#### [Data for analysis]
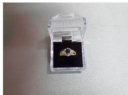
1 st Prize
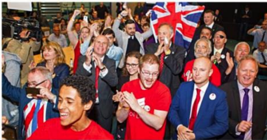
Jubilation: The many faces of Vote Leave supporters as they celebrate their momentous victory in Peterborough early yesterday

It was the day the quiet people of Britain rose up against an arrogant, out-of-touch political class and a contemptuous Brussels elite. Read the Mail's incomparable writers on the most tumultuous event of our times
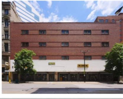
616 Race Street 43,520 SF Contact: Andrew Naab
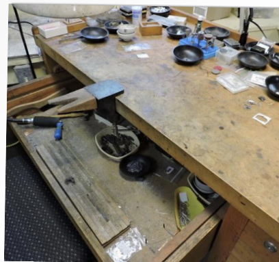
IN THE STUDIO: WORK DESK
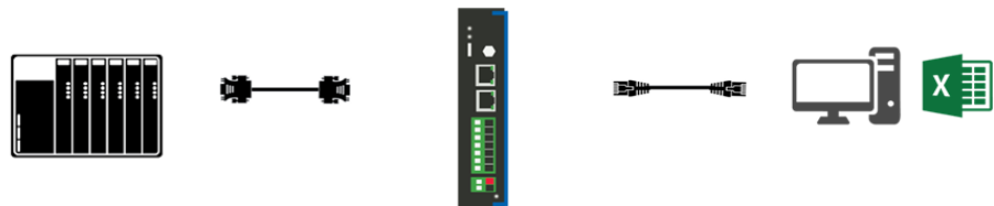
DF1 Slave Devices

When you call, a live person answers the phone. When you talk with sales, you will get honest answers and recommendations. When you get support, it is from an engineer who had a hand in the product's development, and support doesn't require a ticket or 24-hour wait.
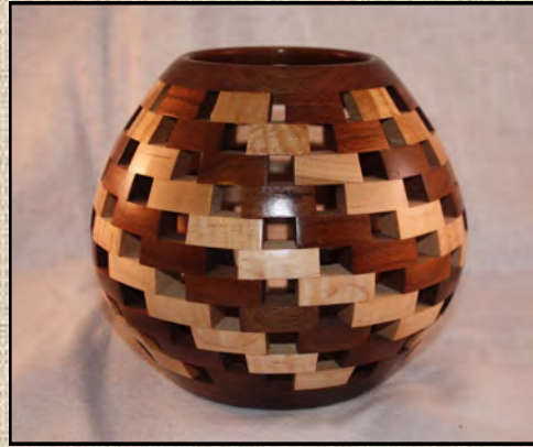
Open segmented form/globe Walnut maple spray delft By Scott Schlosser
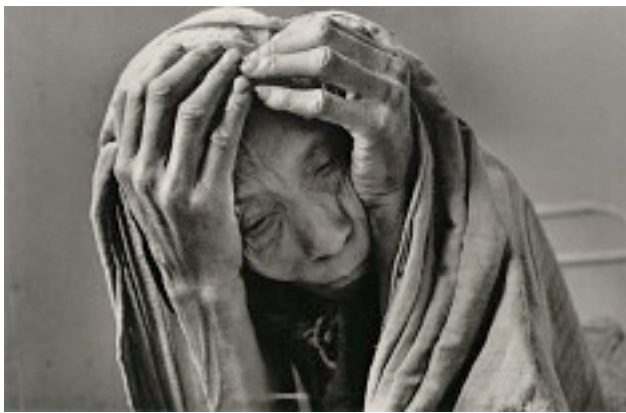
Sebastião Salgado - Gourma-Rharous, Mali, 1985
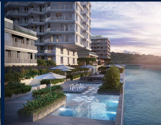
3 - Bedroom Villa
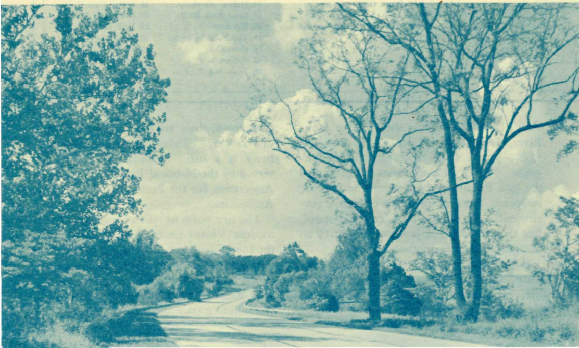
A parkway vista.
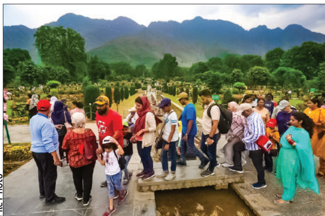
File Photo Tourist Visit (DTV), however, the Domestic arrival increased to 11314920 in 2021. The facts emerging from the data also

According to a report by the Union Tourism Ministry titled "India Tourism Statistics 2022", the domestic tourists' footfall in J&K increased by 349.09 percent in 2021 against 2020. The data shows that in 2020, J&K had received 2519524 Domestic
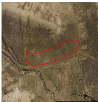
Hectares: 3.34 High Damage Planted Trees: 3,000 📍 -16.0841694, -69.7446663
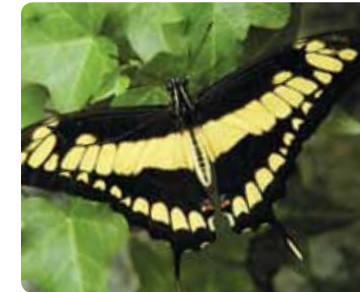
Papilio thoas Thoas swallowtail
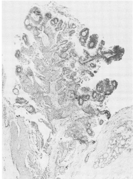
Fig 1 Benign papilloma of the trachea, covered by a mixture of transitional and respiratory type epithelium. (Haematoxylin and eosin, × 30.)

Sections of the main tumour and of the secondary deposits showed a well differentiated squamous carcinoma (fig 2).
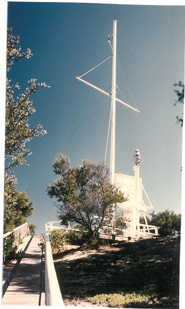
BOARDWALK & FLAGSTAFF.
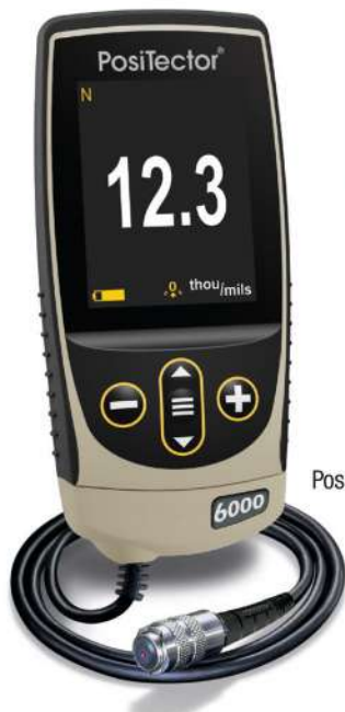
PosiTector 6000 NS3
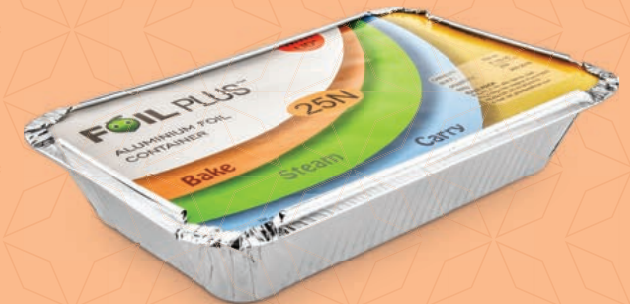
Foil Plus AFC 750 ml ( 25 pc Pack )
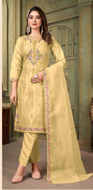
S - 247 B
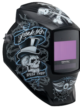
Lucky's Speed Shop™ 281001
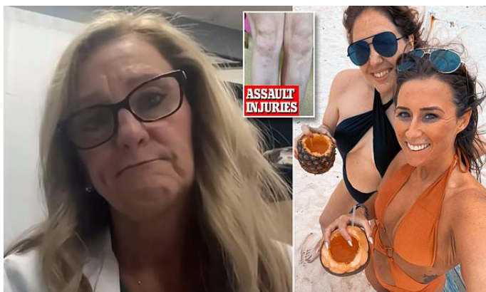
Nurse who treated Kentucky moms backs their account of Bahamas rape
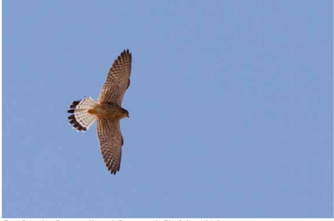
East Canarian Common Kestrel, Barranco de Rio Cabras 24-2.

Also a few more seen during transportation. Male of this ssp. is paler on the upperparts than nominate tinnunculus and the west-canarian ssp. canariensis, but intermediate in spotting. The female is the palest of the ssp. (Clarke 2006). Ssp. dacotiae should be common and nominate tinnunculus a scarce passage migrant (Clarke 2006).
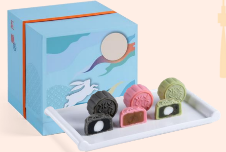
Hung Tong Mini Mooncakes Trio (6 pieces) 紅糖迷你月餅三重奏 (六件裝)

Original Price 原價: HKD398 Discounted Price 優惠價: HKD298.5
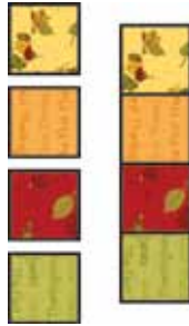
Placemat Diagram 2
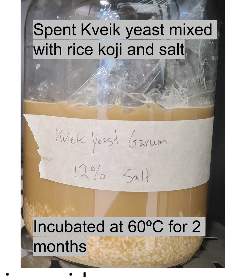
Figure 5. Measurement of amino acid concentration of yeast slurry and an overview of the Yeast Garum production process.
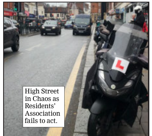
High Street in Chaos as Residents’ Association fails to act.

While the Resident Association sits idle, the Lib Dems are stepping up. They’re out in the community, knocking on doors and pledging to put residents first. Epsom’s moped mayhem represents another Residents’ Association plan that is yet to be delivered.
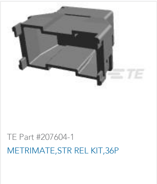
TE Part #207604-1 METRIMATE,STR REL KIT,36P
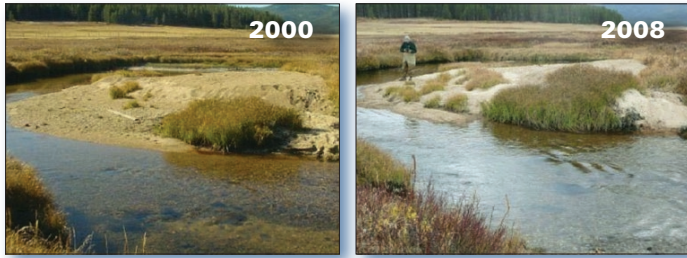
Figure 2. Bear Valley Creek, before (left) and after (right) livestock grazing was removed. This bar is gradually recovering as perennial vegetation becomes established.

riparian restoration project along Upper Bear Valley Creek. Volunteers planted native willows, sedges and grasses at 14 sites.

#### [Your goal]
Using the records above, repeat exactly the run of lines that starts with the line with "Sections of the" and goes on through the line with "High Street in"; omit each picture.

#### [Solution to the problem]
Sections of the main tumour and of the secondary deposits showed a well differentiated squamous carcinoma (fig 2).
BOARDWALK & FLAGSTAFF.
PosiTector 6000 NS3
Foil Plus AFC 750 ml ( 25 pc Pack )
S - 247 B
Lucky's Speed Shop™ 281001
Nurse who treated Kentucky moms backs their account of Bahamas rape
East Canarian Common Kestrel, Barranco de Rio Cabras 24-2.

Also a few more seen during transportation. Male of this ssp. is paler on the upperparts than nominate tinnunculus and the west-canarian ssp. canariensis, but intermediate in spotting. The female is the palest of the ssp. (Clarke 2006). Ssp. dacotiae should be common and nominate tinnunculus a scarce passage migrant (Clarke 2006).
Hung Tong Mini Mooncakes Trio (6 pieces) 紅糖迷你月餅三重奏 (六件裝)

Original Price 原價: HKD398 Discounted Price 優惠價: HKD298.5
Placemat Diagram 2
Figure 5. Measurement of amino acid concentration of yeast slurry and an overview of the Yeast Garum production process.
High Street in Chaos as Residents’ Association fails to act.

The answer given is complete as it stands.